“We have over-complicated farming so much”

Farming cattle can be simple, according to Ben Thomas from Treveddoe farm. Ben was a main character in the hit British film, Six Inches of Soil, which saw him establishing his regenerative pasture-feed beef system Cornwall.

Reflecting on his progress, three years on, he told 8.9ha editor, ffinlo Costain, that farming outdoors was much more straight forward than working with cattle in an indoor unit.

He said, “For me farming can be so simple and we have just overcomplicated it so much with a lot of these systems. For me, cows can graze grass really, really well and convert that to milk or meat.

“Running a simple system, with them being out of doors, we see really low health problems – we’re never treating our cattle for pneumonia, we hardly ever see any cases of lameness – the cows, because they’re outside in their natural environment, we hardly see the vet – it’s great!”

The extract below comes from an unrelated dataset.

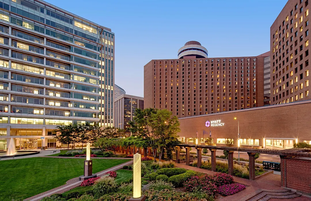 Hyatt Regency Indianapolis is within walking distance of various landmarks such as the Indiana World War Memorial and Monument Circle, with easy skywalk access to over 200 shops and entertainment options. Public transportation includes bus services accessible within a 2-minute walk. The hotel features 24-hour reception and concierge services to assist guests during their stay.

Ben is also a champion of agroforestry. He explained, “We practice mob grazing on our farm, we move our cows every day through summer and winter. And because they’re kept in smaller areas instead of letting them have the whole field, that’s great for your grassland management.

“However, in terms of animal welfare, when we’re having these extremes of heat (those 40 degree Celsius days a year or two ago) and then on the flip side in the winter you might have a driving wind and it could be zero or minus five degrees, animal welfare can be implicated if they have no shade and shelter.

“That’s where the trees come in on our farm – in the form of hedgerows, in the form of shelter from the existing woodland, and then looking forward to the agroforestry system we’re going to implement, we’re designing that so that the cows, no matter where they graze across the farm, they’ll always have shade and shelter.”

He said that trees also contribute to the cows’ nutrition. He said, “Following on from that, there’s browse, so they can get extra minerals from the different trees at different times of year – willow and oak, they absolutely love those – and then you’ve also got the biodiversity angle as well, creating more habitat on the farm.

“I think it just all just adds up really as a neat package to help push the welfare of our system and then that creates a better end product, doesn’t it?”